I use textedit on mac, and emacs on *nix. There are several IDEs for python, but the ipython interactive interpreter in the enthought python distribution is such a better way to debug and explore code that I just use a programming text editor for the typing part :)
What are some hidden gems about Python that you like?
numpy arrays and list comprehension, the docstring (http://epydoc.sourceforge.net/docstrings.html), the interactive interpreter for piloting tricky code like regexes, the fact that every builtin object can be inherited from with trivial ease (for instance, list could be subclassed to contain a subclassed dictionary that knew how to populate itself from a certain database, and that wrote changes in the instance object to the DB with specified frequency, or that knew how to construct itself from flatfiles by regex, etc.). I've also developed a real love for python set objects (like lists, but elements are unique, and with subset/superset/union/diff and so on)
What are some gotchas about Python that you wish you could change?
lists and dictionaries are not autovivifying, so if you refer to a key or index that hasn't been written yet (i.e. d[x] += 1 when there is no key x in d), you get an exception. This means you do a lot of assembling sets of keys, and deriving lists from all keys with empty values, then populating, or else checking each key to make sure it exists (technically you do this with try: except: blocks, so the execution time is actually better than autovivification, which is why they do it, but it's a pain to code every time).

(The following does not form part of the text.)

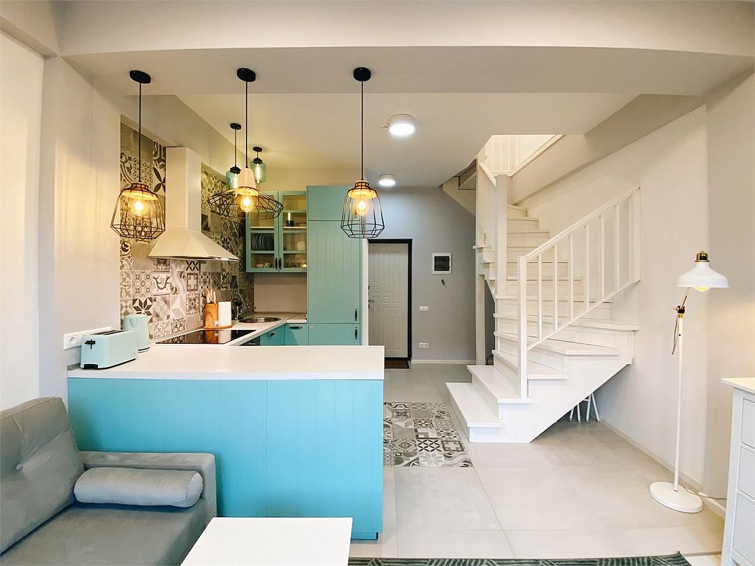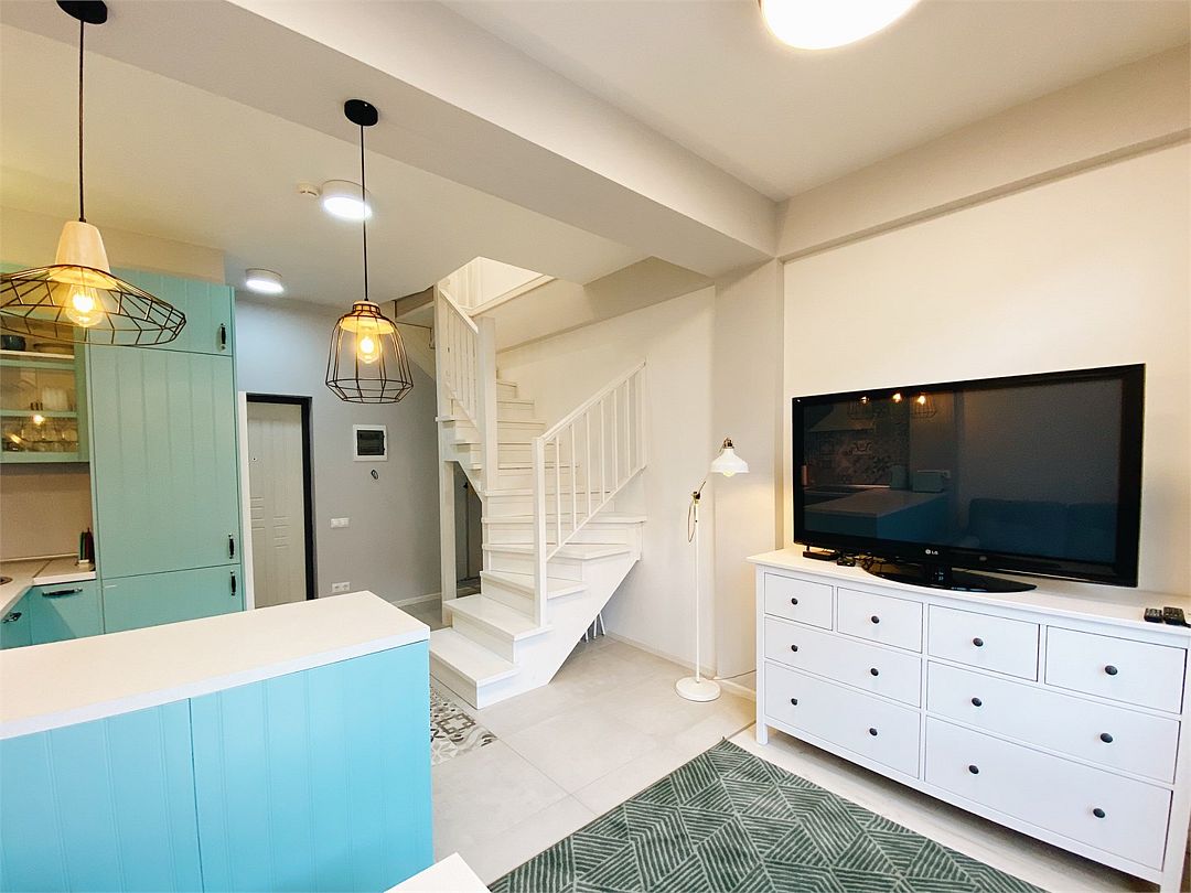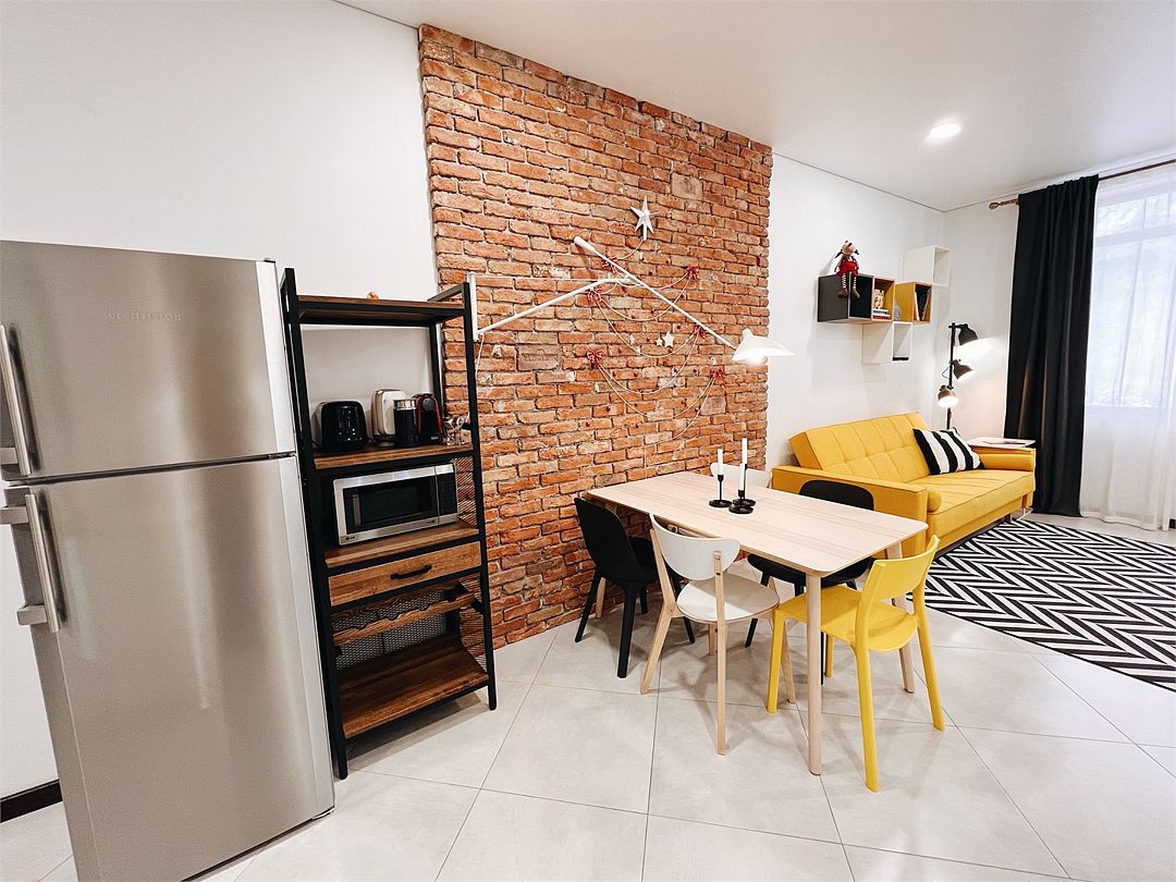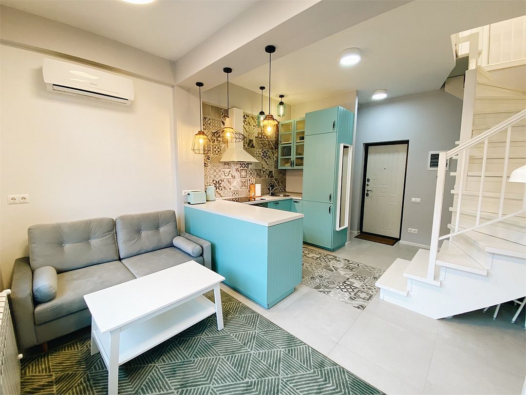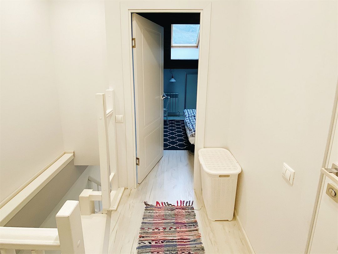 Новая двухэтажная уютная квартира-студия с кухней-гостиной на первом этаже и спальней на втором. Максимальный комфорт и все необходимые удобства. Очень крутой панорамный вид на горы! На первом этаже — раскладной двухместный диван. На втором — спальная с большой двухэтажной кроватью, уютным рабочим местом и санузлом. Вся необходимая техника. Отличное расположение в центре Красной Поляны: остановка ски-баса — 200 метров. На первом этаже отличная столовая и Сбербанк. Все остальное тоже рядом.Услуги и удобства

Also, to my knowledge, there's no way to load a module from an arbitrary path, it either has to be in the same directory (or in a child dir thereof) as the running program, or it has to be in a path in the PYTHONPATH env variable. This is a bit irritating, sometimes.
The interpreter doesn't give RAM back to the OS readily–if you clear up a huge object, don't expect to see that snap back to free memory until systemwide free overhead starts to get tight.
OH! my big one: I write a lot of linux command line utilities, and the command line options parser (the argv object) is definitely not as mature as getopt::long from perl. I spent like three days re-implementing what I like from getopt::long, and I've seen similar projects from others, but this sort of thing is fairly subject to personal taste (how you like it to handle option defaults, whether you like single and double-dash flags, etc), so I ended up not liking any of what I could find out there. Knowing what you know now about Python would you choose to use it again or some other language?
Again, and again, and again :)
Is it possible to deploy the .pyc files without the .py files? If so, is there a way to make the .pyc files difficult to reverse engineer?
Yeah, byte-compiled python is binary, so it's already pretty hard to crack open, but in addition to this, there are a number of encryption tools that make the .pyc files even harder to dig through. (and of course, the bytecode .pyc is all you need to run; no need to distribute the .py unless you want to)